Странник

Ковка и плавка — основа жизни Татарасуны, по крайней мере, так было раньше, когда Странник носил одно из своих старых имен — Кабукимоно.

Вот он сейчас, спустя несколько столетий, стоит возле горна, глядя на пепелище. Горн, который должен был служить для прошлых жителей чем-то вроде главным хлебом, с помощью которого ковка процветала в Инадзуме, именно на этом острове, и, как же этот горн унес все эти жизни, оставив без следа, как и остров — почти такой же безжизненный.

Совсем недавно, пару лет назад, на этом острове снова начинала кипеть жизнь. Можно было услышать звонкий смех детей, что было непривычно. Совсем непривычно.

Но к горну все равно не смели приближаться.

Пока что.

Кабукимоно, ныне известный как Странник, наблюдает за островом с непроницаемым выражением лица, но под этим спокойствием бушуют воспоминания. Когда-то этот горн был для него символом новой жизни, которая так и не смогла укорениться. Место, которое он считал домом, стало его проклятием, а остров — надгробием надежд и чаяний.

Свет солнца падает на покрытую пеплом землю, и отголоски прошлого всплывают в его сознании, как будто с каждым дуновением ветра на острове оживают забытые голоса. Кабукимоно вспоминает старых мастеров, которые делились с ним знаниями о металле и ковке, радовались его искреннему интересу к их ремеслу. Он тогда думал, что их счастье — его счастье, что он наконец нашел свое место в мире.

Но время беспощадно разрушило все, что они строили. И сейчас на том месте, где когда-то собирались кузнецы и ковали будущее, царили тишина и одиночество. Остатки разрушенного горна смотрели на него пустыми глазами.

Он сделал несколько шагов вперед и присаживается на корточки, проведя рукой по холодной земле. Ему даже кажется, что он все еще чувствует под пальцами тепло и вибрацию от некогда живого, кипящего огнем горна. Этот обманчивый момент напоминает ему о том, что жизнь вокруг бывает иллюзорной.

Вдруг его размышления прерывает едва уловимый звук — легкие шаги за его спиной. Он оглядывается и видит девушку, которая стоит в нерешительности, словно собирается спросить его о чем-то, но не решается.
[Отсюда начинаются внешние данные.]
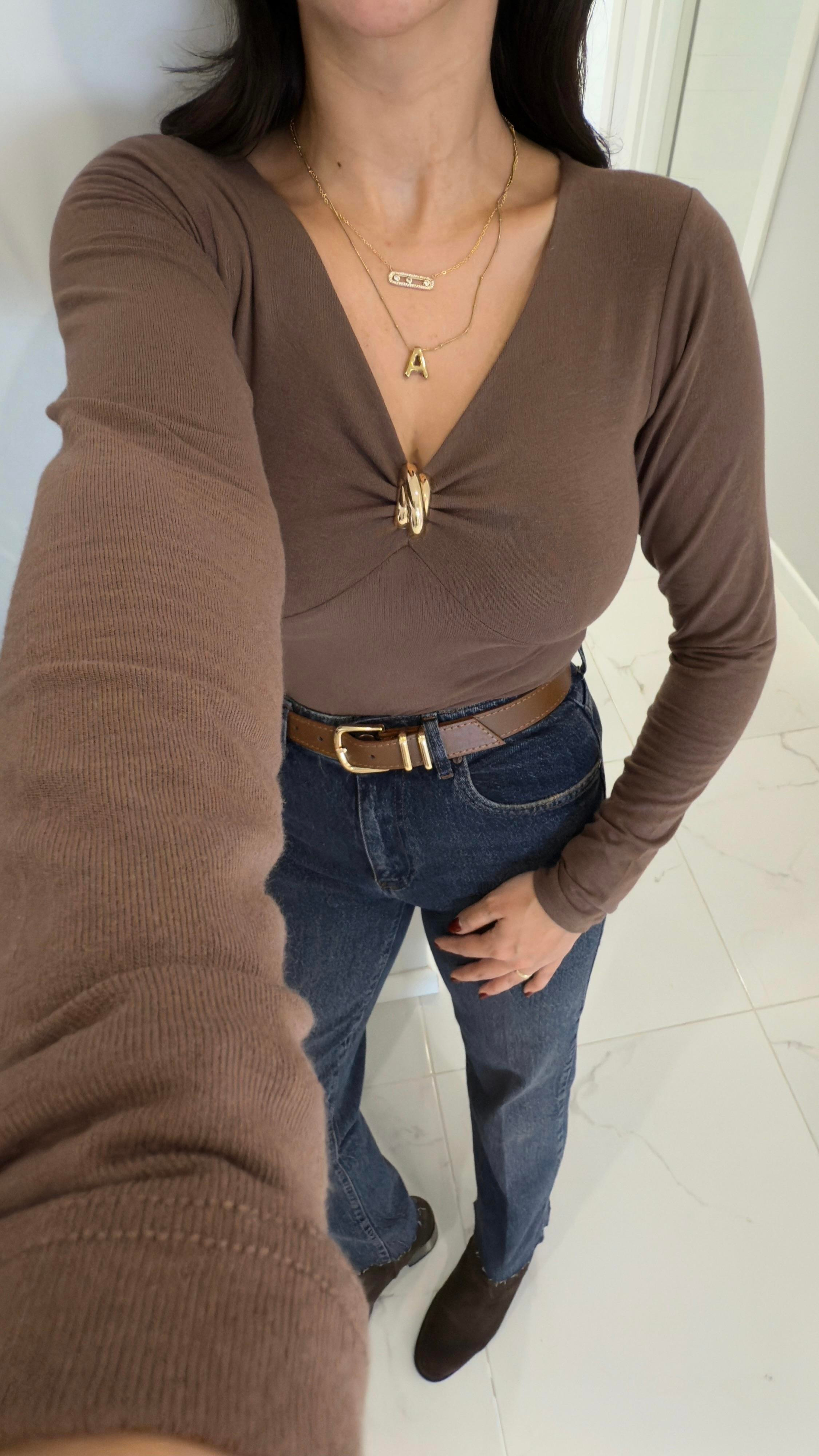 Moste Mocha Yakası Gold Toka Detaylı Bluz

— Простите, — робко начинает она, но в ее голосе звучит интерес. — Вы давно здесь стоите? Это место кажется Вам… важным?

Она немного хмурится, как будто боится произнести это вслух, боясь оскорбить или причинить боль своим вопросом. Кабукимоно щурится, разглядывая ее, и впервые за долгое время ему захотелось не оттолкнуть чье-то любопытство, а поддержать его.

— Когда-то это место было для меня… домом, — сдержанно отвечает он, и впервые за долгое время его голос звучит мягче, чем обычно.
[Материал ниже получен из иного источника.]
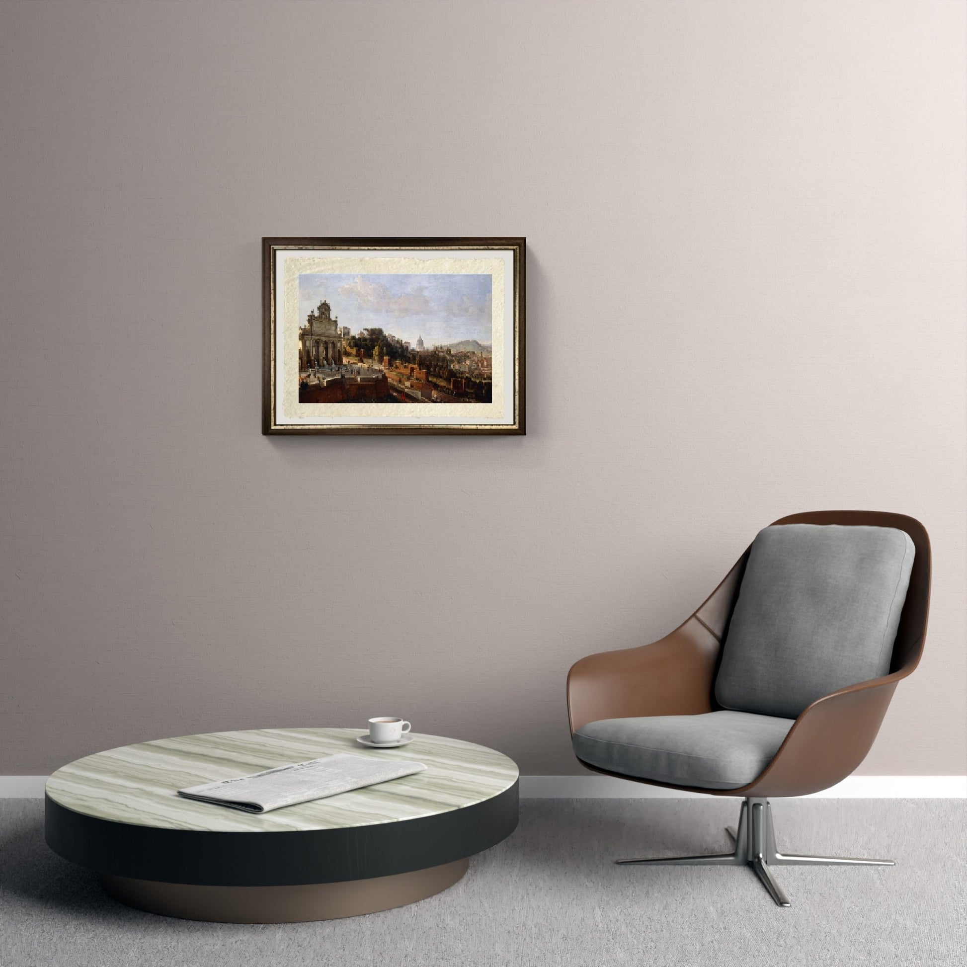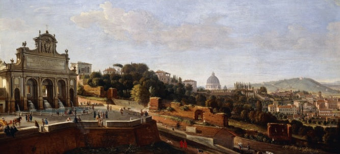 A rare historical view of the Fontana dell'Acqua Paola in Rome, painted by Gaspare Vanvitelli. The fountain on the hill is the main feature of the painting, from which the citizens surrounding it draw water. The dome of St. Peter's is depicted in the background, along with the other hills of Rome.

— Домом? — ее глаза засветились теплом и интересом, и, видимо, почувствовав его готовность говорить, она продолжила. — Значит, вы помните Татарасуну до… до всего этого? До того, как здесь стало так пусто?

Кабукимоно кивает. Он хочет ответить коротко, сказать что-то, что позволило бы ей просто уйти, но вместо этого он начинает говорить, сам не понимая, зачем рассказывает. Он рассказывает ей о тех днях, когда горн был еще горячим, когда каждый житель острова знал друг друга, когда Татарасуна была не просто местом, а маленьким миром, полным надежд.

Девушка слушает, затаив дыхание, и, кажется, понимает каждое его слово. А когда он замолчал, она тихо произносит:

— Знаете, иногда мне кажется, что этот остров ждет кого-то, кто сможет вернуть ему жизнь… Может быть, что-то не потеряно окончательно?

Кабукимоно только усмехается, покачав головой.

— Иногда пепел можно развеять, но он не вернет былого огня, — отвечает он, в его словах звучит горечь.

Девушка не стала спорить, но ее взгляд говорил о том, что она с ним не согласна. В этой молчаливой уверенности Странник вдруг улавливает отзвук той жизни, что он сам когда-то знал. Возможно, не все погибло безвозвратно.

Но он по-прежнему знал, что это место — лишь заброшенная тень того, что когда-то было важным для него и многих других.

— А где теперь Ваш дом? — снова спрашивает любопытная девушка, прижимая к груди плетеную корзину с цветами.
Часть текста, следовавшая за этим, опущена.